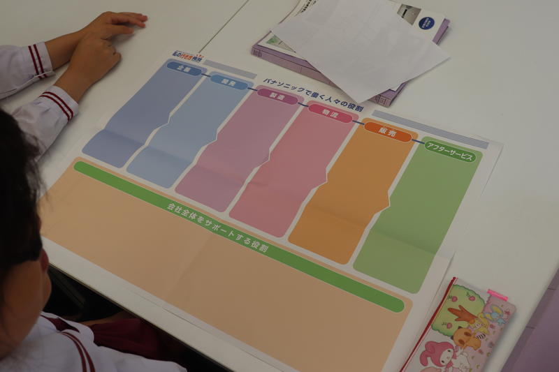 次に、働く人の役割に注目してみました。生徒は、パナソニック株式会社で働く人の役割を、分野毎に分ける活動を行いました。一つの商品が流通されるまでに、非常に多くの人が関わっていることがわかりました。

----------------------------------------

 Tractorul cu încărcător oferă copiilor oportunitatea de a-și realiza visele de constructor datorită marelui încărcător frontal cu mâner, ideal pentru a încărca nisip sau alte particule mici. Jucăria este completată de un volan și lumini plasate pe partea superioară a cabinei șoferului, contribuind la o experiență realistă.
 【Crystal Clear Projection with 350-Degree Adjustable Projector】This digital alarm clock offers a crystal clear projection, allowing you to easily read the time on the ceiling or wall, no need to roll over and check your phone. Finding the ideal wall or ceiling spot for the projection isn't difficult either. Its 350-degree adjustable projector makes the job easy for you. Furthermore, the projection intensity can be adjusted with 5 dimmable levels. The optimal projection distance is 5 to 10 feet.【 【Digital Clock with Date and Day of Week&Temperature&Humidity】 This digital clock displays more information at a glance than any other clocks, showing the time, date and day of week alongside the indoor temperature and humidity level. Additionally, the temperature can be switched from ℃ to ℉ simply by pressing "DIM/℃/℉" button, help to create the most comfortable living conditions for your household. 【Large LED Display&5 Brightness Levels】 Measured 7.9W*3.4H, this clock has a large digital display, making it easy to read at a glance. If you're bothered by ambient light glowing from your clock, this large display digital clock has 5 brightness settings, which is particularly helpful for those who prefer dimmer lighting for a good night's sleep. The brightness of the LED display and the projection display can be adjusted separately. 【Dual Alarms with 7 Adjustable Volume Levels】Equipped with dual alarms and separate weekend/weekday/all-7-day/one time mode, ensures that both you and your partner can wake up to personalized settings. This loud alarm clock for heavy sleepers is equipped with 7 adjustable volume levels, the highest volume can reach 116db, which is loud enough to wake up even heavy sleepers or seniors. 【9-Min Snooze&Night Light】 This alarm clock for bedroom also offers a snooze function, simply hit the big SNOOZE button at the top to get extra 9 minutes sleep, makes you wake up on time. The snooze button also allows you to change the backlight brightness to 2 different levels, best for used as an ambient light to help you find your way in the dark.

----------------------------------------

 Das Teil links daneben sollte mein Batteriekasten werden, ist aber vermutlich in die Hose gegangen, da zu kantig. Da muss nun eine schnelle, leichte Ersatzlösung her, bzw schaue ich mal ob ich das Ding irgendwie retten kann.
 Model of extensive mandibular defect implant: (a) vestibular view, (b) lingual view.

----------------------------------------

PROBLEM TO WORK ON:
Only one stretch of the entries above is wanted: the lines from the one containing "Das Teil links" through the one containing "Model of extensive". Please reproduce it exactly.

ANSWER BOX:
 Das Teil links daneben sollte mein Batteriekasten werden, ist aber vermutlich in die Hose gegangen, da zu kantig. Da muss nun eine schnelle, leichte Ersatzlösung her, bzw schaue ich mal ob ich das Ding irgendwie retten kann.
 Model of extensive mandibular defect implant: (a) vestibular view, (b) lingual view.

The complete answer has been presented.